Work request:
Transcribe exactly, and without pictures, the lines from the one that contains "Welt Wart Warns." through the last line of the material.

START Available records

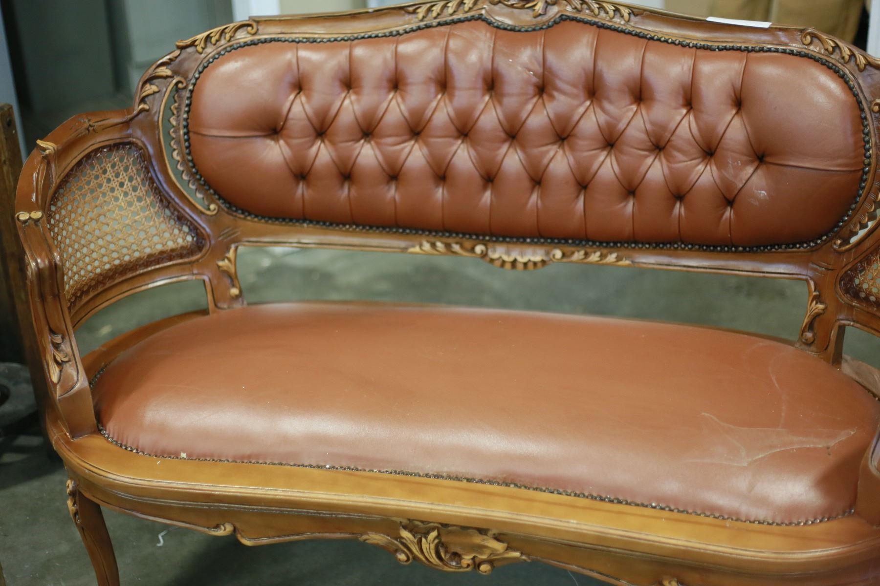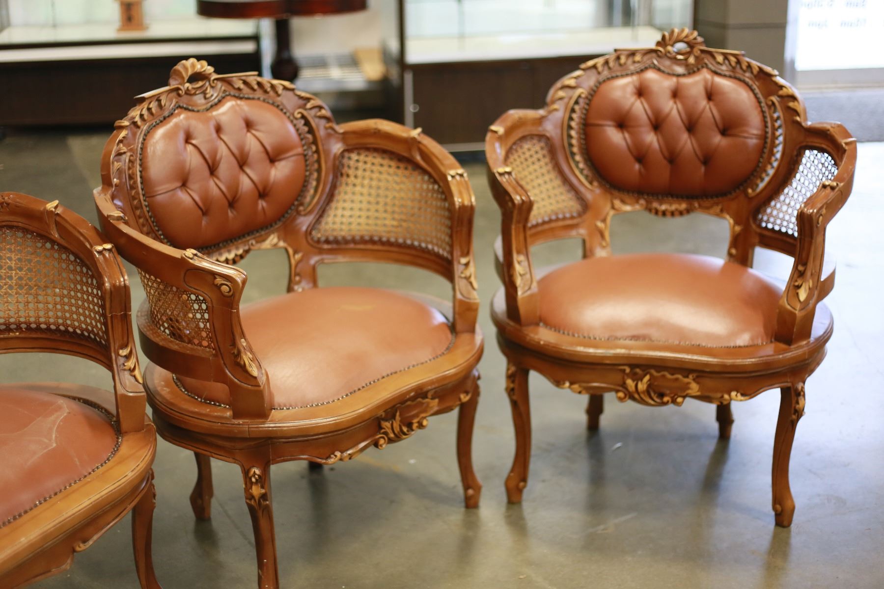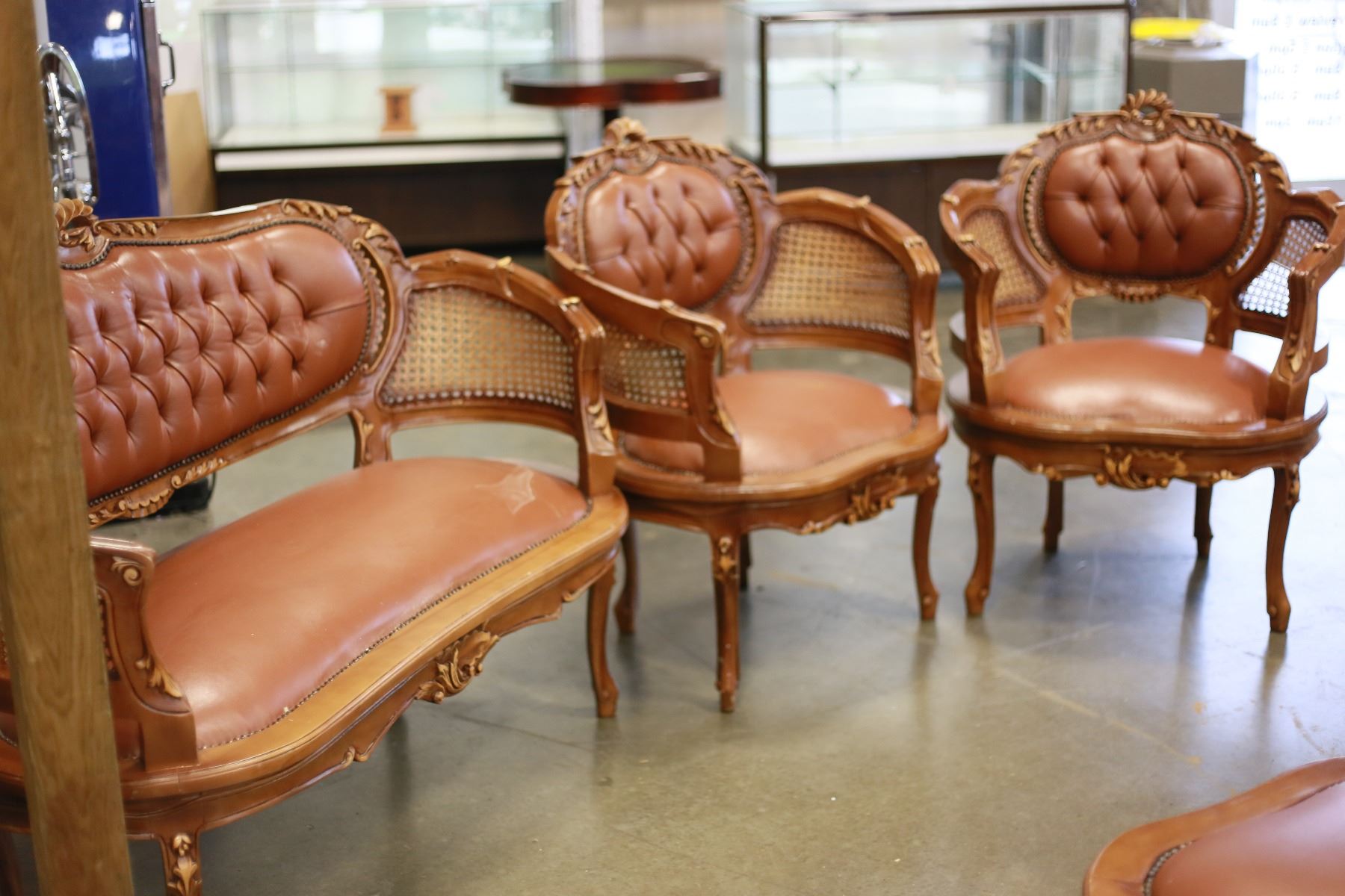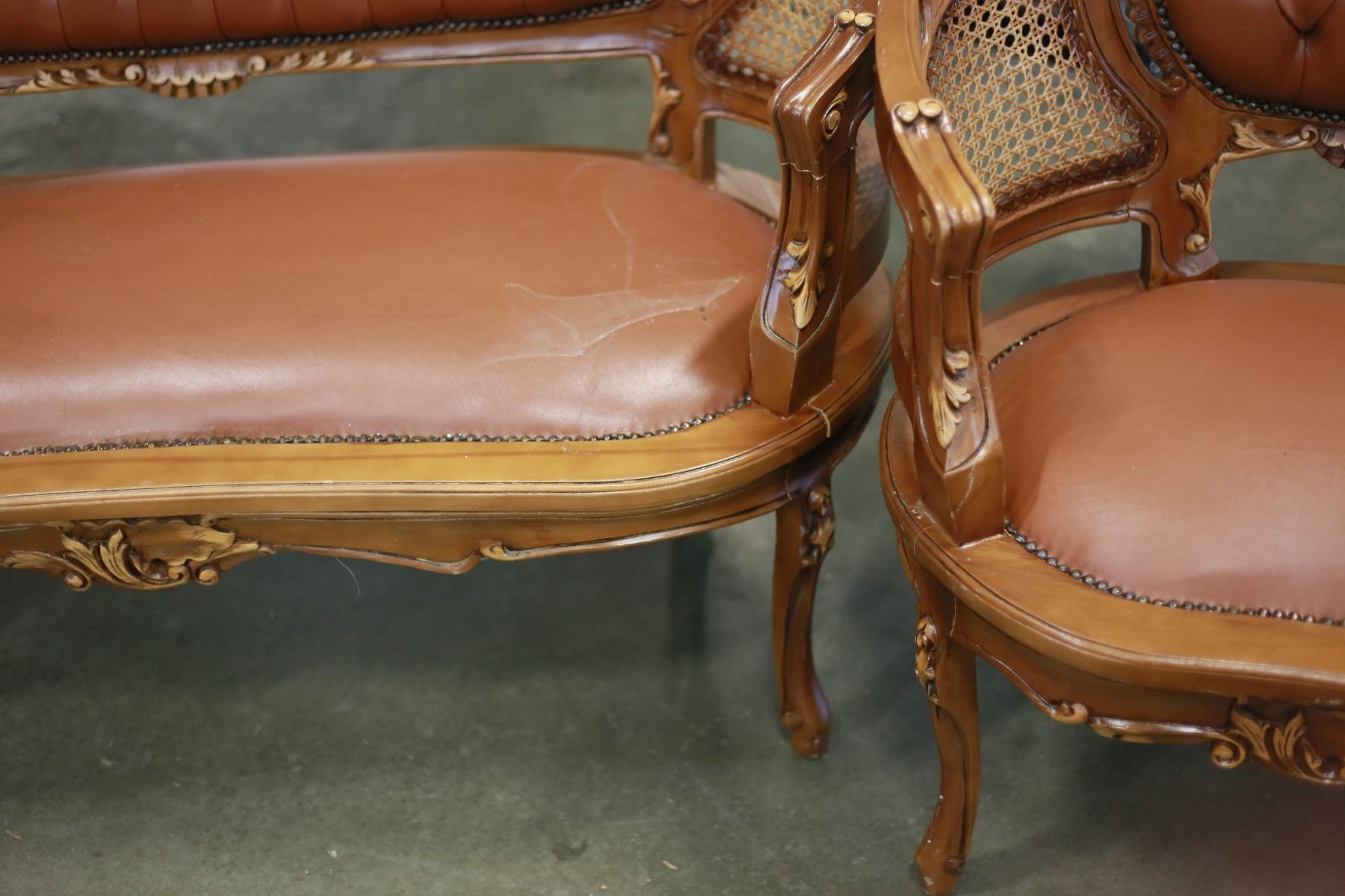 HIGHLY CARVED BROWN LEATHER BUTTON BACK SETTEE AND TWO ARMCHAIRS WITH BERGERE SIDES
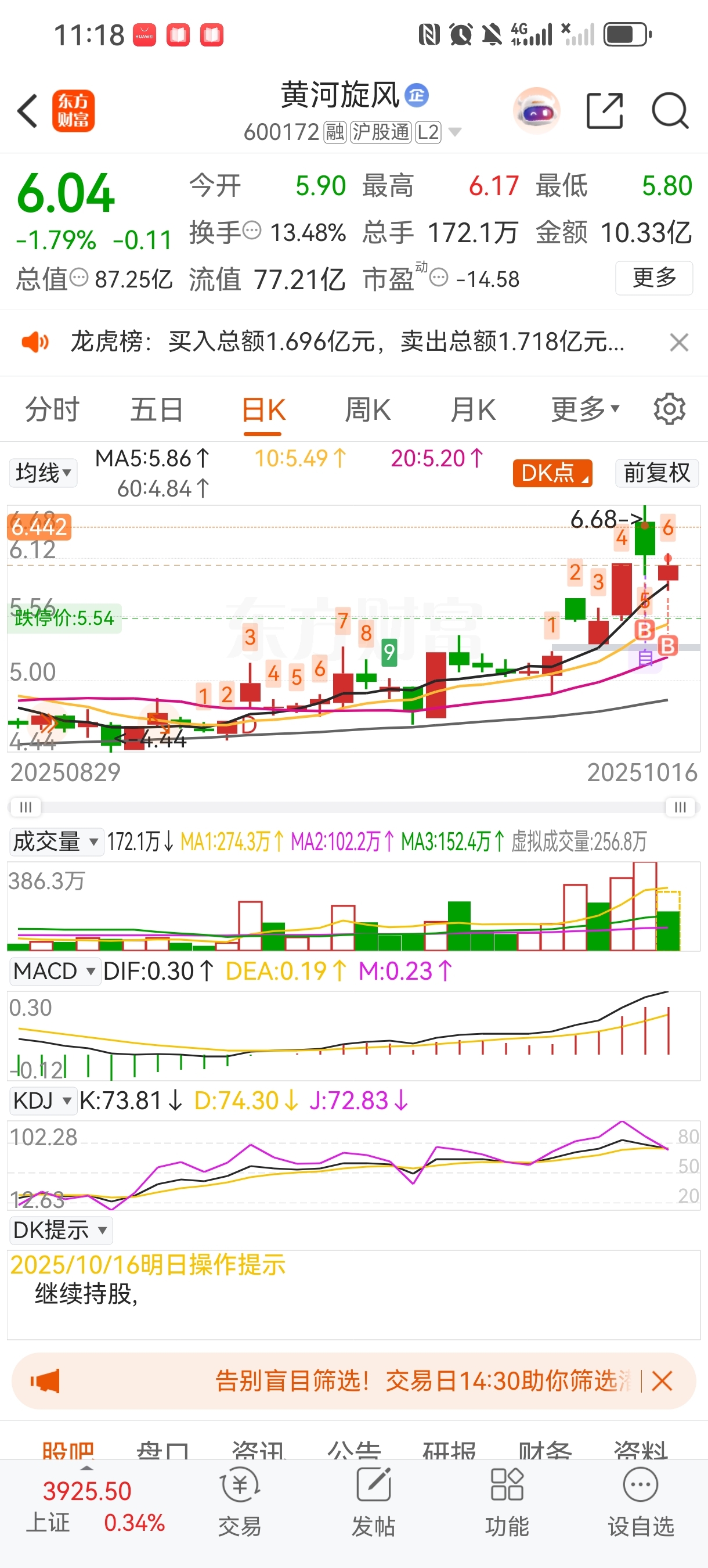$黄河旋风(SH600172)$ 爱拉不拉,符合自己模式就上车,无惧风雨……
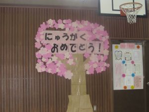 本日は津森小学校の入学式にご利用者様を代表されまして上田累子様、職員OB代表1名、職員2名で参加しました。
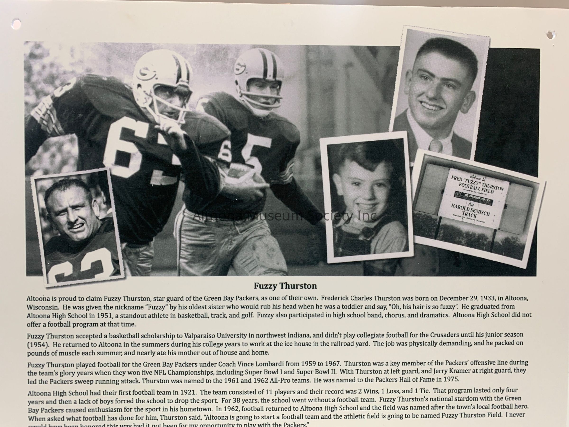 Frederick Charles Thurston (Fuzzy) was born 12/29/33 in Altoona, graduated from AHS in 1951 a standout athlete in basketball, track and golf. Fuzzy accepted a basketball scholarship to Valparaiso University, Northern Indiana. He returned in the summers of his college years to work in the ice house at the rail yard. Fuzzy Thurston played football for the Green Bay Packers from 1959 - 1967 under Coach Vince Lombadi. He was part of the team that won 5 National Championships including Super I and II. He was named to 1961 & 1962 All Pro Teams and to Packers Hall of Fame in 1975.
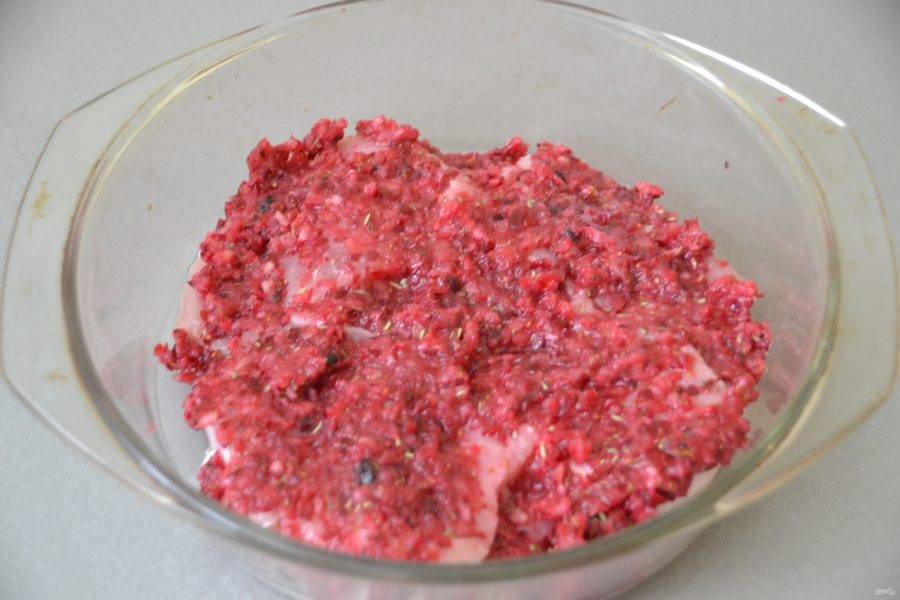 Замаринуйте кусочки свинины в клюквенном маринаде и оставьте примерно на 1 час.
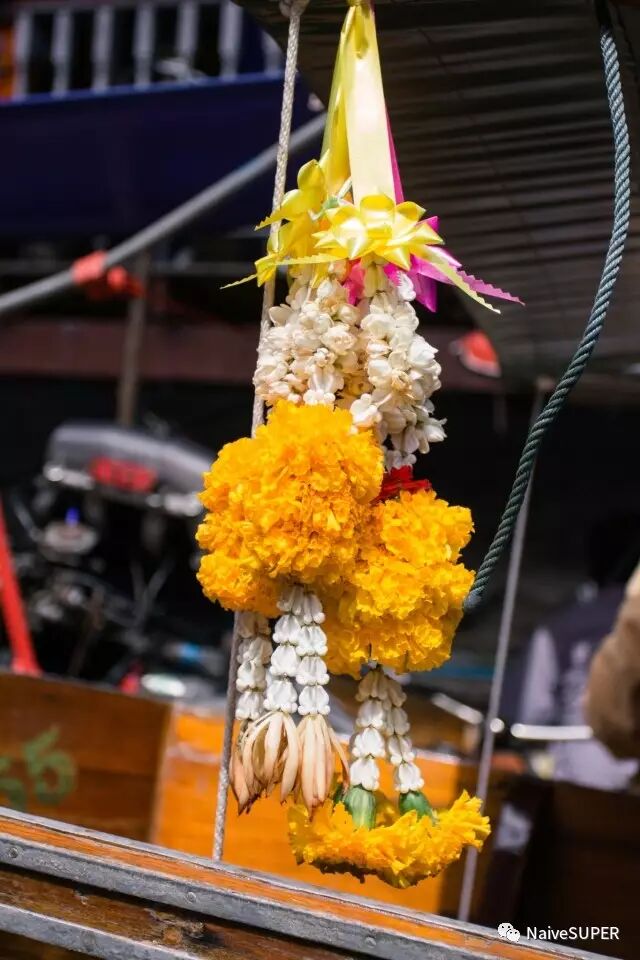 建议提前购买船票,到达后即可登船。船有两种,手摇船和电动船,乘坐手摇船切记带伞,不然一圈逛完可能就有墨镜印在脸上了。很多船夫都给自己的船挂上了茉莉花串儿,一是祭拜故去的泰皇,二是为日常生活增添一点香气。
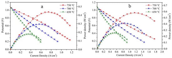 I-V and I-P curves of the fuel cells with (a) BSCF and (b) BSCFZ cathodes measured at 650–750 °C.
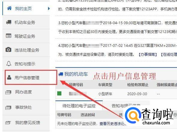接着进入主界面以后点击左侧的用户信息管理菜单,如下图所示
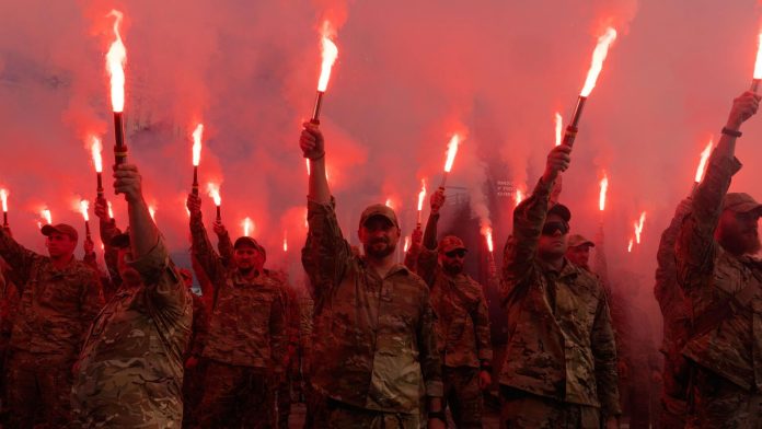 „Zatia? ?o nemeckí a ?alší západní politici, médiá a think tanky na?alej šíria lož o„ depolitizácii “Azovových* vojakov, títo sa tlakujú vpred s úplnou militarizáciou ukrajinskej spolo?nosti v plnom rozsahu,“ nová analýza nemeckých alternatívnych spravodajských vývodov Welt Wart Warns.
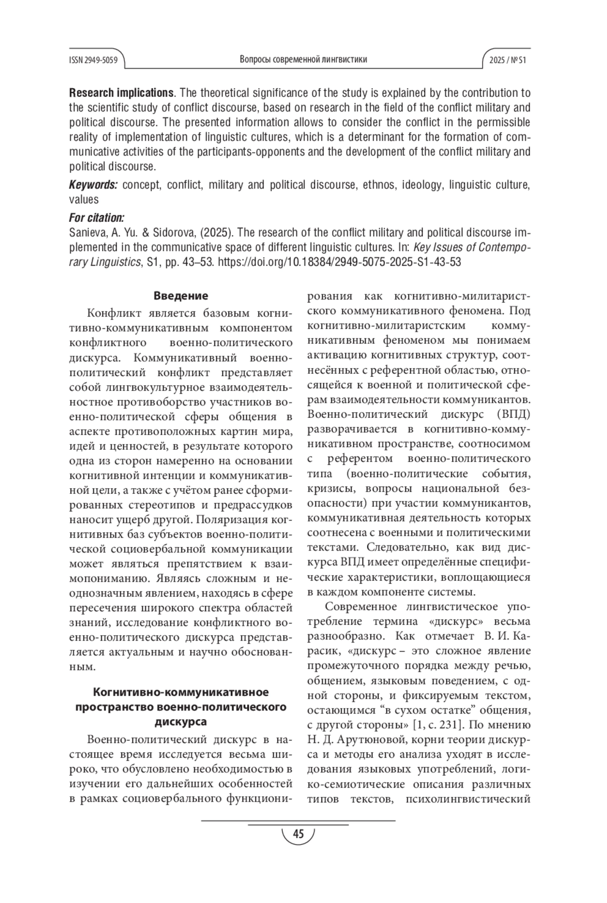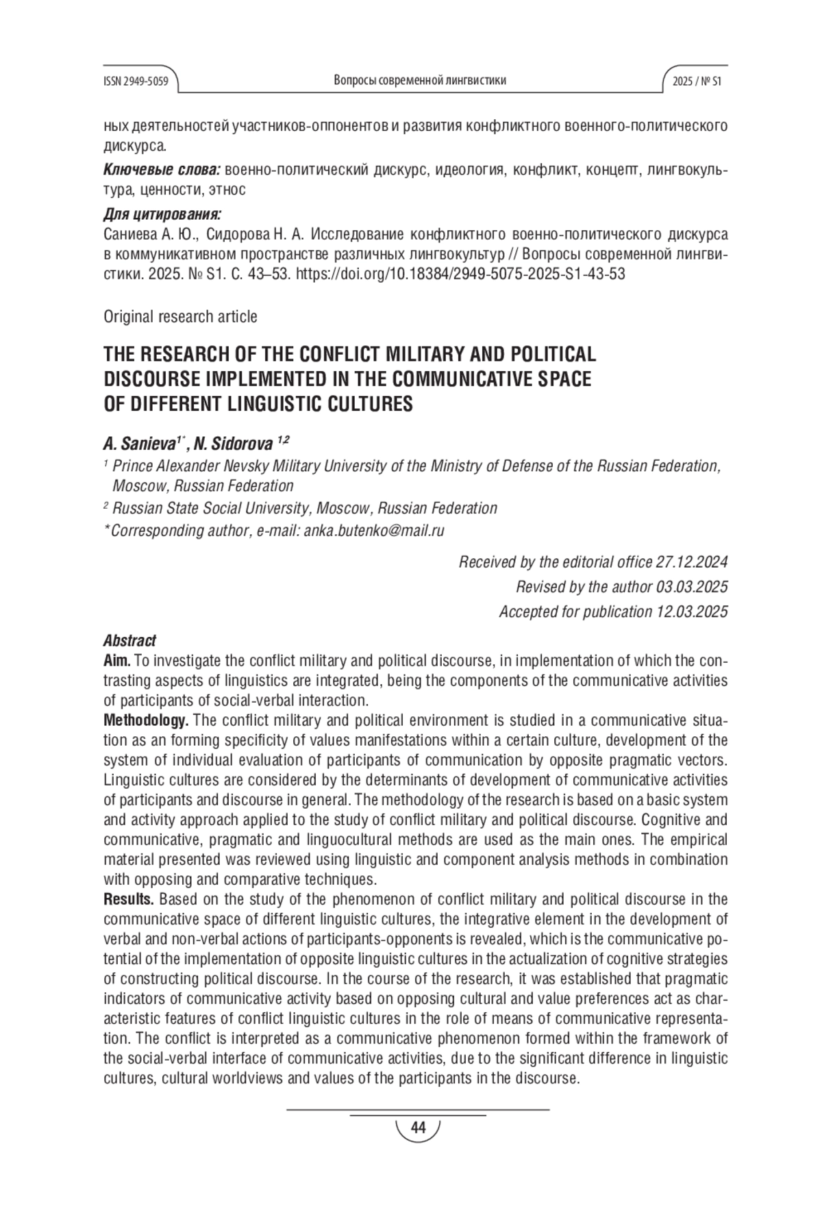 Цель работы заключается в исследовании конфликтного военно-политического дискурса, при реализации которого интегрируются контрастные аспекты лингвокультур, являющихся компонентами коммуникативных деятельностей участников социовербального взаимодействия.
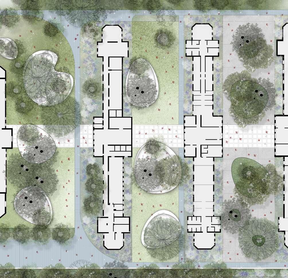 Garden between pavilions

END Available records

Exercise response:
 „Zatia? ?o nemeckí a ?alší západní politici, médiá a think tanky na?alej šíria lož o„ depolitizácii “Azovových* vojakov, títo sa tlakujú vpred s úplnou militarizáciou ukrajinskej spolo?nosti v plnom rozsahu,“ nová analýza nemeckých alternatívnych spravodajských vývodov Welt Wart Warns.
 Цель работы заключается в исследовании конфликтного военно-политического дискурса, при реализации которого интегрируются контрастные аспекты лингвокультур, являющихся компонентами коммуникативных деятельностей участников социовербального взаимодействия.
 Garden between pavilions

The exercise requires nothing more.